9. Contraindications and Precautions

Contraindications

  • Known allergy to NSAIDs

  • Active peptic ulcer disease

  • History of NSAID-induced asthma

  • Severe hepatic or renal impairment

  • Third trimester of pregnancy

Caution In

  • Elderly patients (higher risk of GI and renal side effects)

  • Patients with cardiovascular disease or hypertension

  • Those with a history of GI bleeding or ulcers

10. Use in Special Populations

Pregnancy

  • Not recommended in third trimester due to risk of premature ductus arteriosus closure

  • Caution advised in earlier trimesters

Lactation

  • Data insufficient; caution recommended

Elderly

  • Start with lower doses

  • Monitor renal function and GI symptoms closely

11. Research and Market Presence

Aminoprofen is not widely marketed globally, and its use may be limited to specific regions or experimental formulations. Its structural similarity to ibuprofen raises questions about its comparative effectiveness and safety, and more studies are needed to:

  • Establish its superiority or equivalence to other NSAIDs

  • Evaluate long-term safety in chronic inflammatory conditions

Research is sparse but indicates potential for:

  • Use in combination therapy for enhanced analgesia

  • Topical formulations for targeted relief with fewer systemic side effects

12. Advantages and Limitations

Advantages

  • Quick onset of action

  • Structurally similar to widely used NSAIDs

  • Effective in various acute pain conditions

Limitations

  • Short half-life → frequent dosing

  • Limited clinical data and global availability

  • Not as well-studied in chronic inflammatory diseases

13. Future Prospects

As the global market shifts toward precision medicine and safer anti-inflammatory options, aminoprofen may see renewed interest if:

  • Reformulated for sustained release

  • Used in combination with proton pump inhibitors for GI protection

  • Evaluated in new drug delivery systems (e.g., nanocarriers, transdermal patches)
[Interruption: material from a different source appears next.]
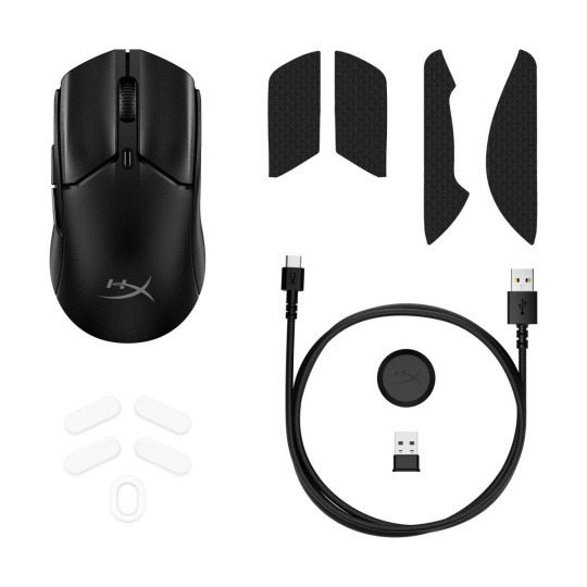 | Obsah balenia | Myš HyperX Pulsefire Haste 2 Mini Wireless, uchopenia HyperX, spodné plôšky s nízkym trením, kábel USB-C na USB-A, bezdrôtový hardvérový kľúč USB, predlžovací adaptér USB, stručná úvodná príručka. |
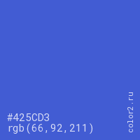 Цвет #425CD3 в цветовой модели RGB обозначается тремя октетами (66, 92, 211) в десятичном формате и #425CD3 в шестнадцатиричном (hex) формате, которые являются интенсивностью красного 66 (hex 42), интенсивность зелёного 92 (hex 5C) и интенсивность синего 211 (hex D3).

There’s also potential for repurposing it in specific inflammatory or neuropathic pain conditions if further clinical trials are conducted.

Conclusion:

Aminoprofen, though underutilized, represents a structurally promising member of the NSAID class. It offers effective pain and inflammation relief through classic COX inhibition. While overshadowed by more popular agents like ibuprofen, aminoprofen holds value in certain therapeutic scenarios and may benefit from further clinical investigation. With evolving pharmaceutical technologies and deeper insights into NSAID pharmacogenomics, aminoprofen might yet carve out a renewed niche in the landscape of anti-inflammatory therapy.